Abnormal Placenta Could Be Used To Make Early Autism Diagnosis

redOrbit Staff & Wire Reports – Your Universe Online

Researchers from the Yale School of Medicine and the MIND Institute at the University of California, Davis claim to have discovered a new method of determining a child´s potential risk of becoming autistic.

According to CBS News reporter Ryan Jaslow, the researchers report doctors may be able to detect clues about a child´s risk of developing an autism spectrum disorder (ASD) by examining the placenta at the time of birth.

The study, which was published Thursday in the online edition of the journal Biological Psychiatry, looked at placentas from over 200 recent births.

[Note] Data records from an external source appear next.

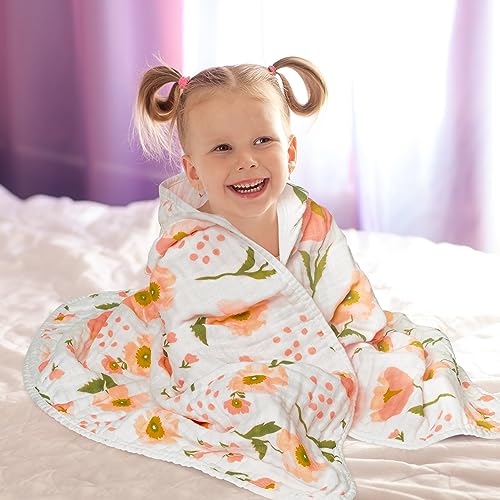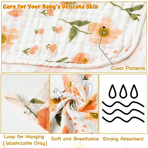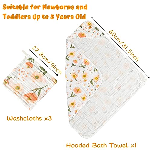 Zainpe 4Pcs Muslin Baby Hooded Towel & Washcloth Set Flowers Soft Absorbent Bath Towels Cotton Hand Towels Infant Shower Gifts for Newborn Toddler Boys Girls Feeding Teething Sleeping 31.5 X 31.5 in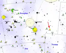 ![]() NGC 6124 (taken from Stellarium) Credit: Roberto Mura | |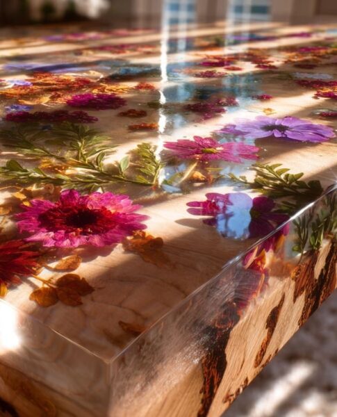The first time I saw a resin table with flowers sealed inside, I could not stop staring at it. It reminded me of pressing blooms in a book as a kid and wanting to keep them forever. There is something so special about turning simple flowers into a table you use every day. It feels meaningful, personal, and full of charm in a way that store bought pieces just do not match.

The investigators discovered these organs, which are used to transmit nutrients from a mother to her child, are more likely to have “abnormal folds and creases” in families with a high genetic risk of having an autistic child, added Pam Belluck of the New York Times.

Senior author Harvey Kliman, a research scientist in the Yale School of Medicine´s Department of Obstetrics, Gynecology & Reproductive Sciences, and colleagues reviewed 117 placentas from infants of at-risk families (i.e. those with at least one previous autistic child) and compared them to 100 control placentas.

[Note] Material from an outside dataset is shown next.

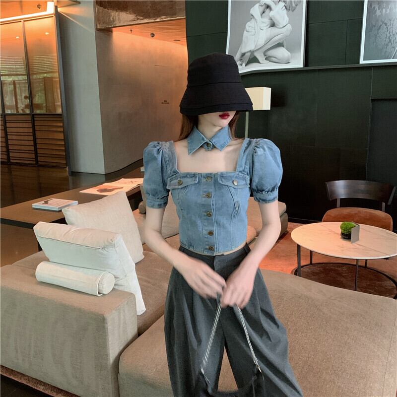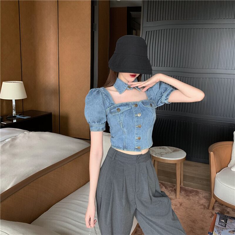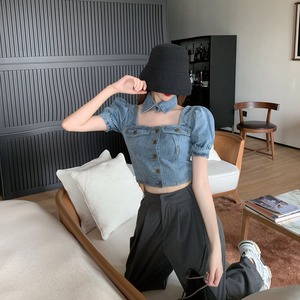 スリーブ半袖スリムシャツ トップス サマー ショート ハーフスリーブ 夏物 スクウェア Xiaofeijia50615915171

They found placentas from at-risk children had as many as 15 trophoblast inclusions (abnormal placental folds and abnormal cell growths). Conversely, none of the control placentas had any more than two trophoblast inclusions. According to Kliman, a placenta with four or more of these folds and cell growths can conservatively predict an infant´s risk for autism with a 96.7 percent probability.

Kliman told FoxNews.com´s Loren Grush he accidentally discovered this potential autism test while examining the tissue of lost pregnancies to determine why the infant wound up dying.

One of the primary components he studied was chorionic villi, which are small finger-like structures located in the placenta that help transport blood from mother to fetus. These chorionic villi are covered and protected by trophoblasts, which are typically smooth but can form inclusions when the cells grow abnormally.

“At birth we have a tool now that can tell us who’s at risk and who isn’t at risk for autism,” Kilman told Jaslow.

“I hope that diagnosing the risk of developing autism by examining the placenta at birth will become routine, and that the children who are shown to have increased numbers of trophoblast inclusions will have early interventions and an improved quality of life as a result of this test,” he added in a statement.

An estimated one out of every fifty American children are diagnosed with autism each year, according to Centers for Disease Control and Prevention (CDC). However, while intervention is most effective during the first year of life, most children aren´t diagnosed with the disorder until at least age three or four, Grush explained.